Show Abstract | Download Original | Original Source | Check in Google Scholar | DOI: 10.26798/jiss.v4i1.2005

Abstract

This research develops an approach for clustering digital activity locations based on Twitter geospatial data with the aim of supporting business intelligence spatiotemporal . By utilizing the Twitter Geospatial Data dataset containing more than 14 million tweets geo-tagged from the United States, this study implements and compares the DBSCAN and K- Means algorithms to identify spatial and temporal patterns of Twitter user activity.
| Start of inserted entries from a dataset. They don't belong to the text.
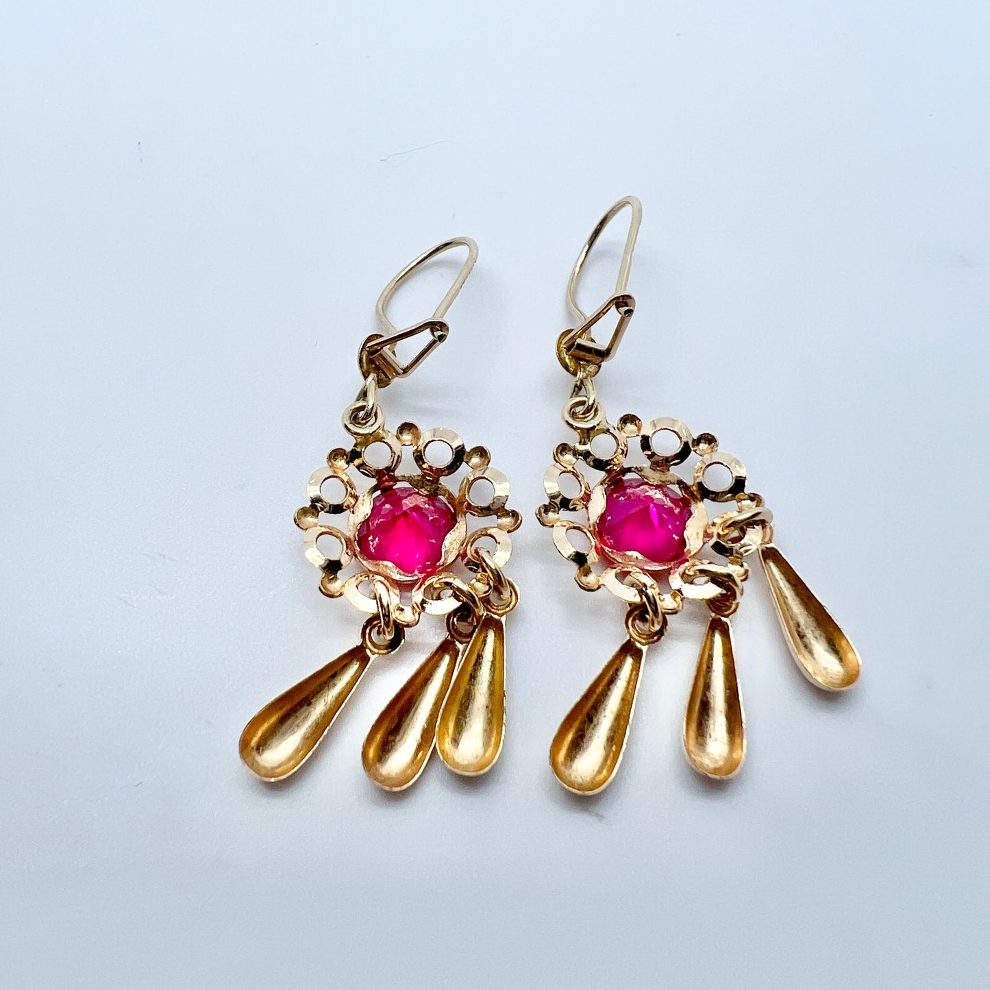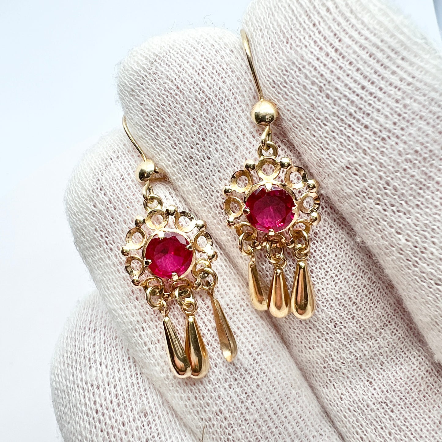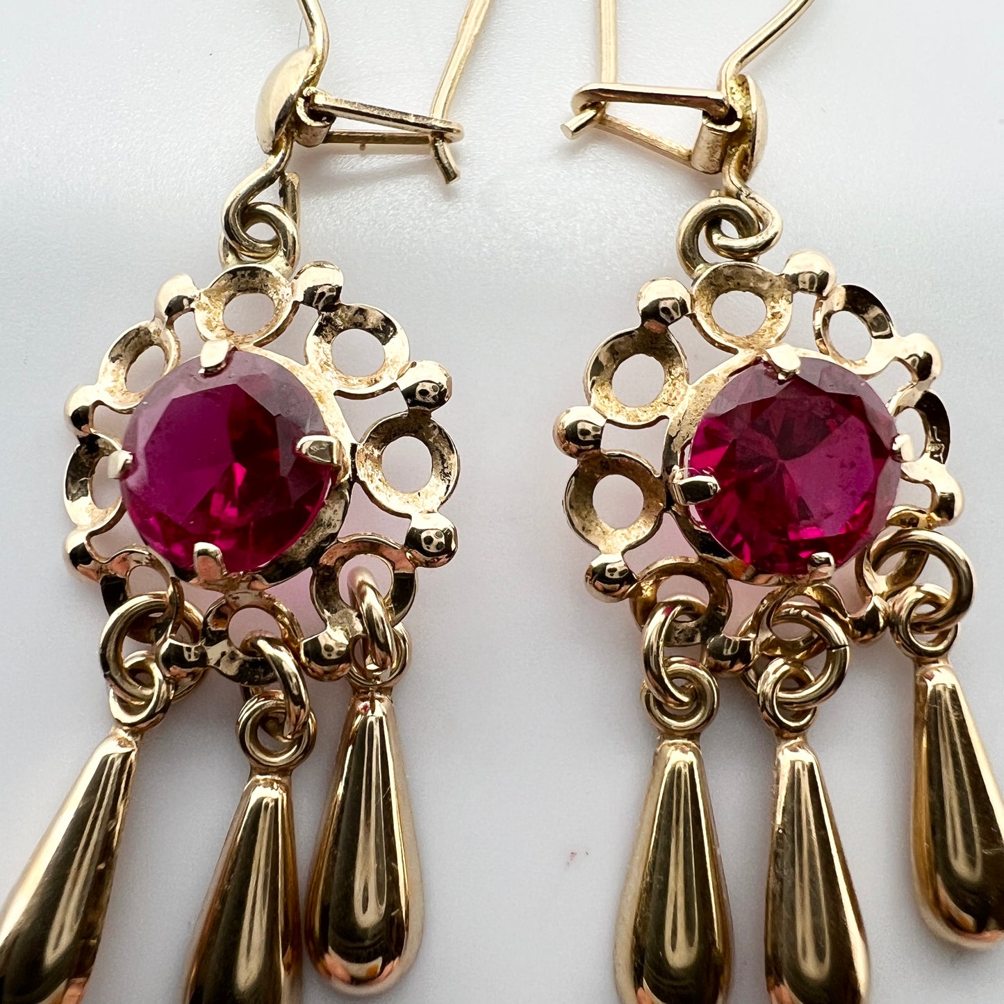 Very charming vintage 14k gold synthetic sapphire earrings. Hallmarked for 14k gold (585) and unidentified makers mark (AP). Eastern Europe, vintage.
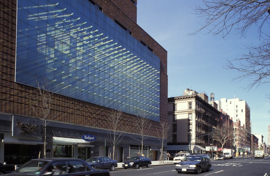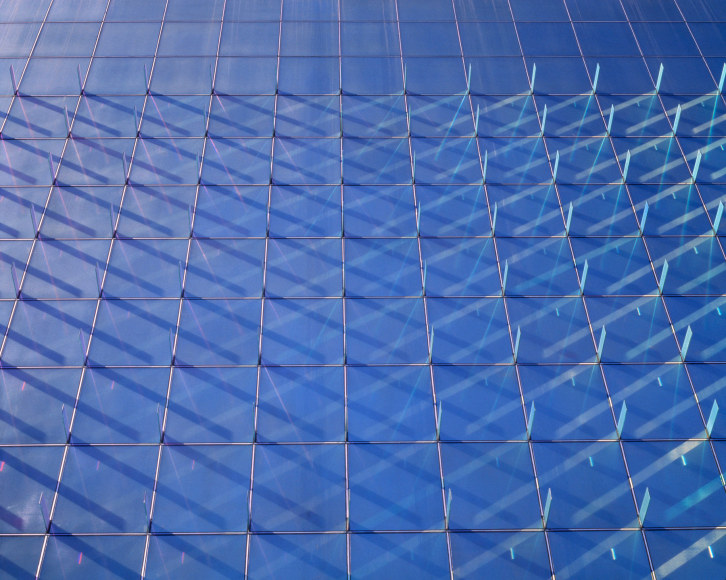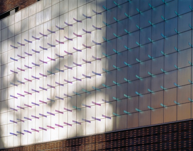 The Dichroic Light Field reactivates a city block, imbuing it with color and light by replacing a blank brick façade with a diffused vertical plane of mirror glass and horizontal coated glass fins. The artwork breaks down the monolithic character of the façade, transforming it into a dynamic illusion of depth. JCDA analyzed the installation’s specific location and contextual topography to create a design that would register those changes and map the local urban fabric.
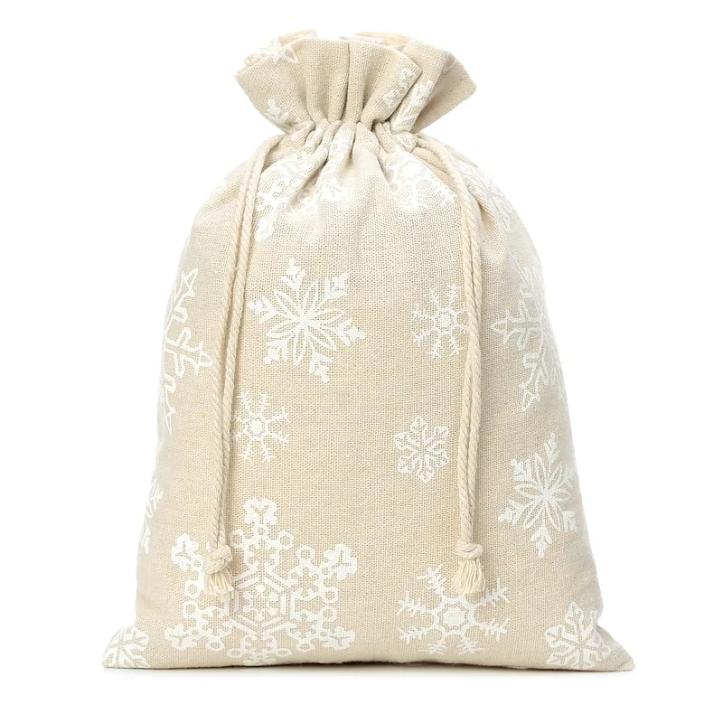 10 szt. Woreczki à la lniane z nadrukiem 13 x 18 cm - naturalne / śnieg
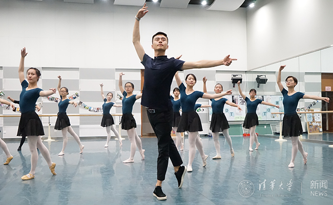 青年教师张伟在芭蕾基础课堂上进行教学。
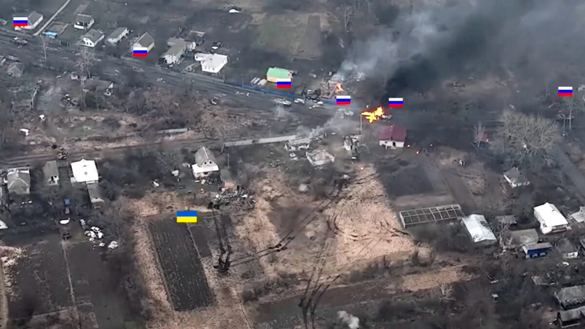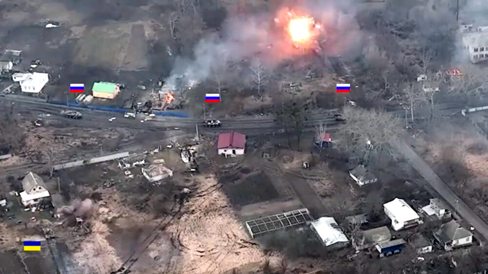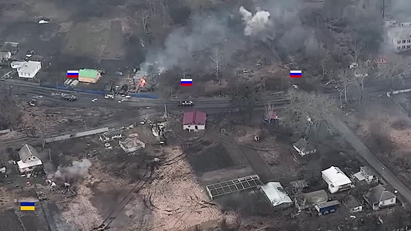 Beelden van een eenzame Oekraïense tank die een Russische gepantserde colonne in een hinderlaag lokt en onder vuur neemt. Deze tank dwingt het convooi zich terug te trekken, waarna het vervolgens door Oekraïens artillerievuur wordt bestookt.
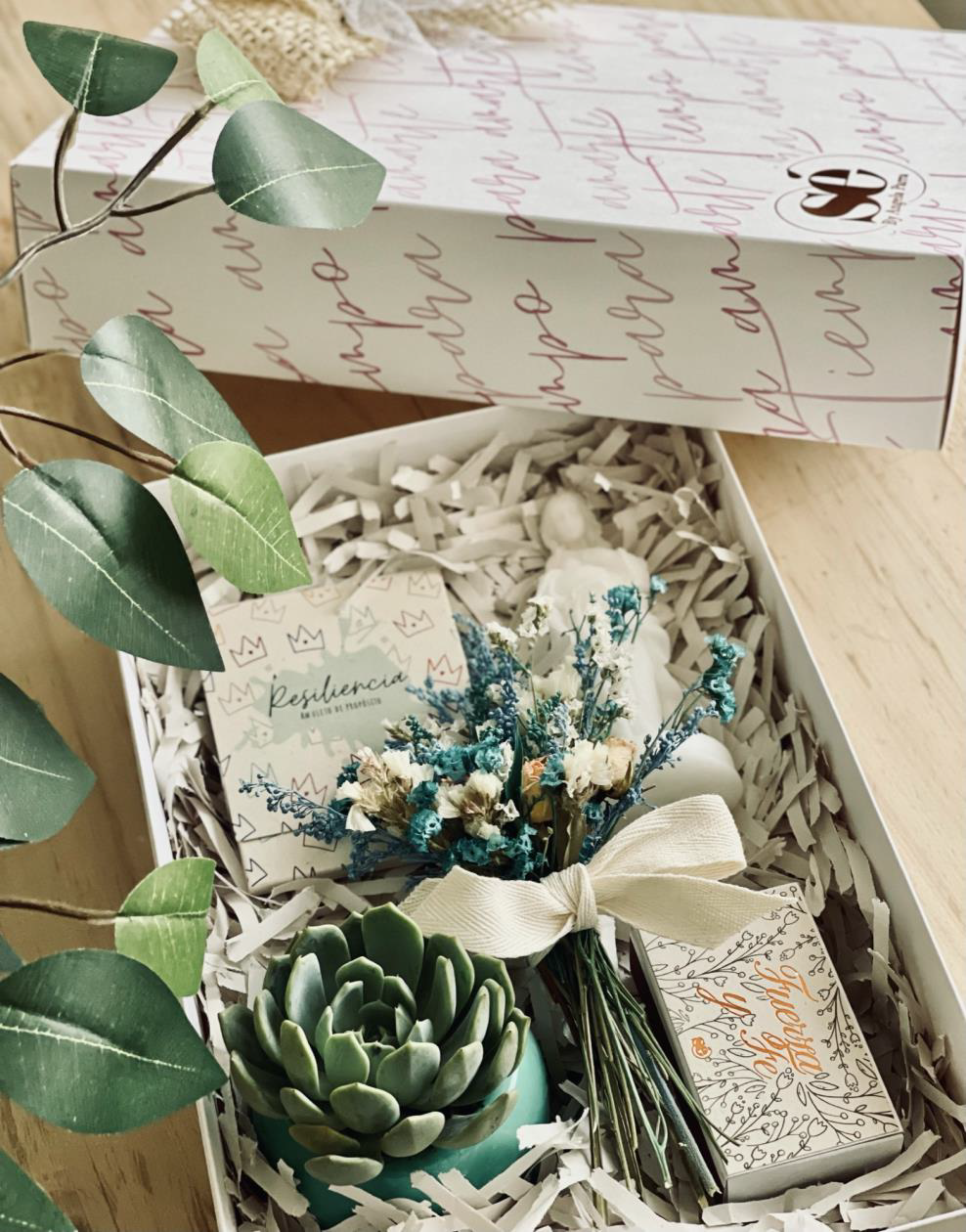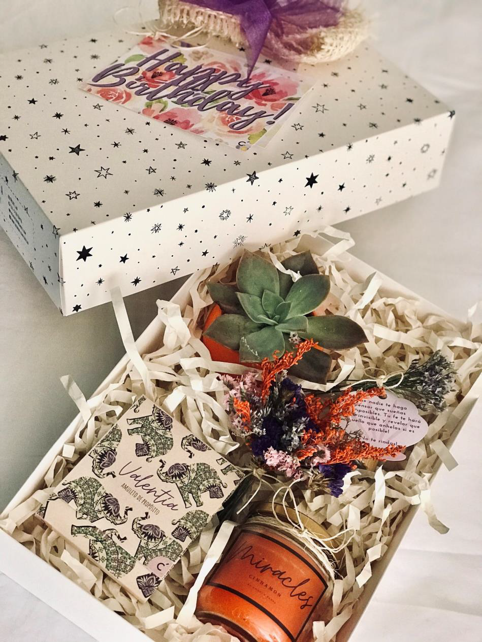 Contiene: amuleto, vela, planta, fósforos, caja mediana, moño y tarjeta a elección.
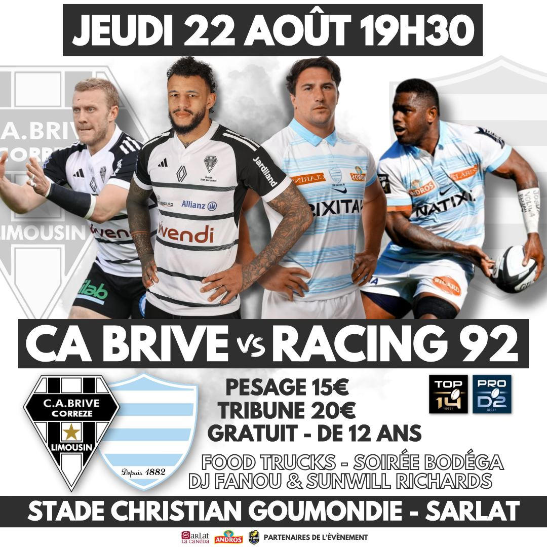 Voici les équipes de Brive et du Racing 92 pour cette rencontre amicale :
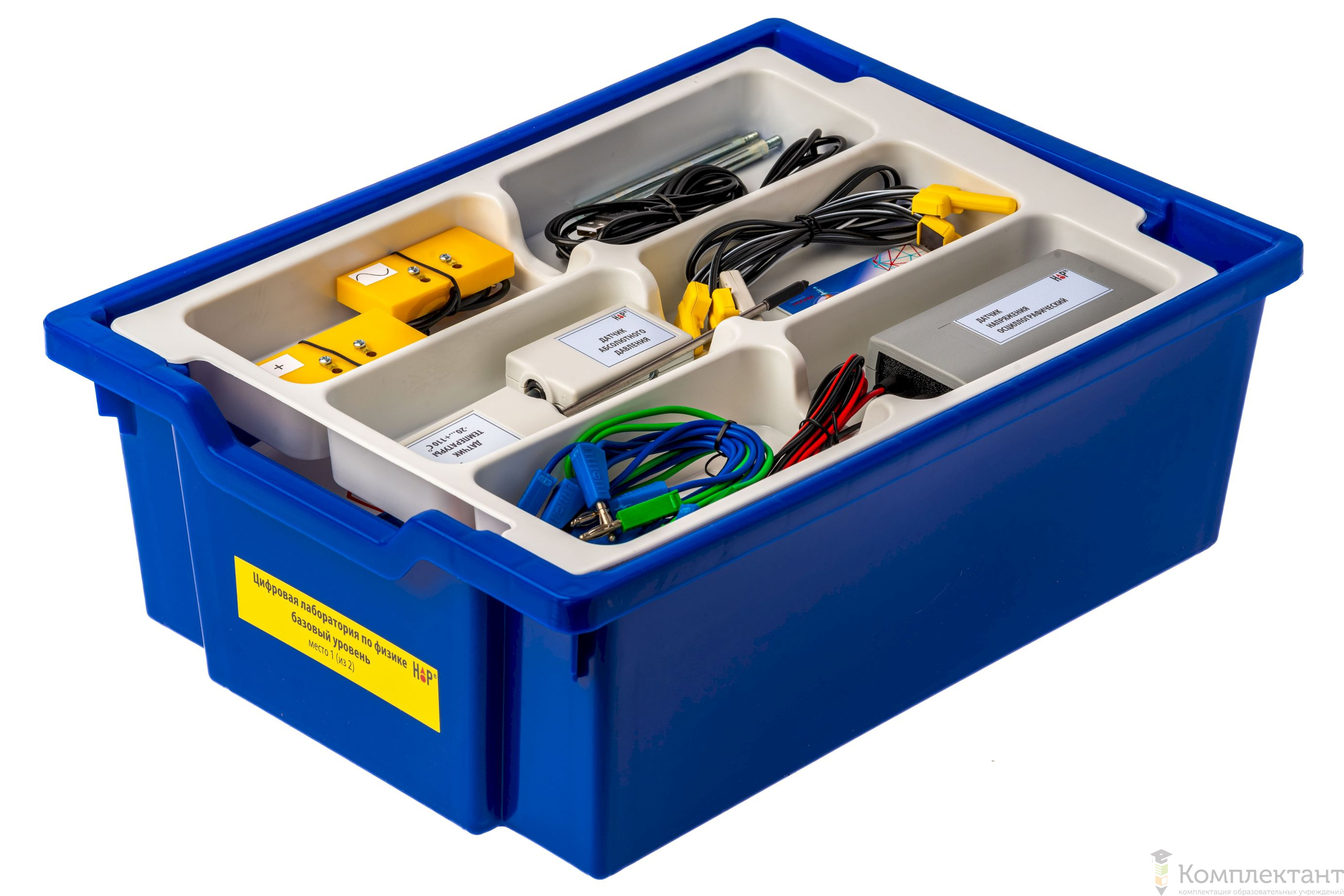 Все оборудование цифровой лаборатории (кроме скамьи лабораторной) укомплектовано в пластиковую систему хранения, который закрывается прозрачной пластиковой крышкой на защелках для обеспечения наблюдения за содержимым. Комплект оборудования и датчики в системе хранения располагаются на ложементе в индивидуальных ячейках.

The research process begins with the data pre -processing stage using the Knowledge Discovery Database (KDD), followed by the implementation of the clustering algorithm , and ending with the integration of the results into the dashboard.business intelligence using Power BI . The results show that DBSCAN is able to detect irregular clusters that follow geographic patterns and population density, while K- Means produces a division of the region into three main clusters (West Coast, Central Region, and East Coast) with different temporal activity patterns. Integration of clustering results into a BI dashboard produces actionable business insights , such as identification of digital activity hotspots , optimal time for content delivery, geographic segmentation for marketing strategies, and temporal activity patterns for campaign scheduling. This research contributes to the development of an integrated spatiotemporal analysis pipeline to support data-driven decision making.